Key contribution of AI in the creation of a next-generation battery roadmap [120]. (Figure reprinted with permission.)

It should be noted that collaboration between academia, scientific research organizations, and businesses to expand the supply chain of Na-ion batteries both upstream and downstream is essential at this stage to enhance the overall competitiveness of the industry and facilitate wholesome and sustainable growth [121,122]. The most important thing to keep in mind is that extensive experience in the production of Li-ion batteries on an industrial scale will probably lead the way for Na-ion systems and hence the commercialization path for Na-ion batteries appears to be relatively straightforward.

6. Concluding remarks

This review provides a summary of Na-ion batteries, their main components, and recent developments. It highlights the need for novel battery materials and their significance in advancing Na-ion batteries for future generations. Research strategies focused on innovative functional materials will undoubtedly push the boundaries of cost, cycling stability, energy and power density, and safety, to meet the anticipated rapid expansion in energy storage demand for grid energy systems and transportation.

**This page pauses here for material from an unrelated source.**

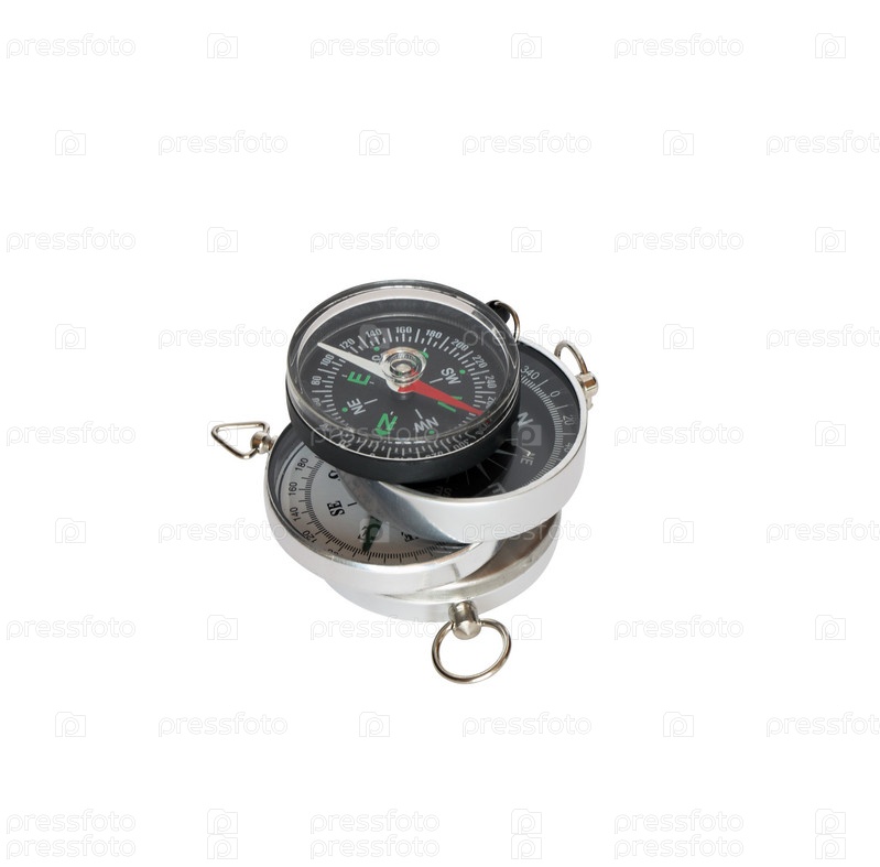 Несколько компасов на белом фоне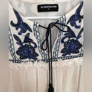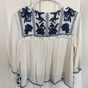 Nu Construction Boho Embroidered White and Blue Blouse Size Small

One of the most significant yet challenging issues is the selection, development, and production of commercially viable electrodes, electrolytes, and other essential components for designing effective cells, despite the substantial achievements already made. Importantly, Na-ion technology can leverage the advancements accomplished with Li-ion technology, which has the potential to accelerate process integration.

However, more focused research is critically needed for these next-generation systems due to the lack of fundamental knowledge regarding the electrochemical cell chemistry of Na-ion systems. In addition to advancing scientific understanding of battery performance, there is an urgent need to develop feasible manufacturing processes by leveraging insights gained from Li-ion production experience to effectively adapt to market demands.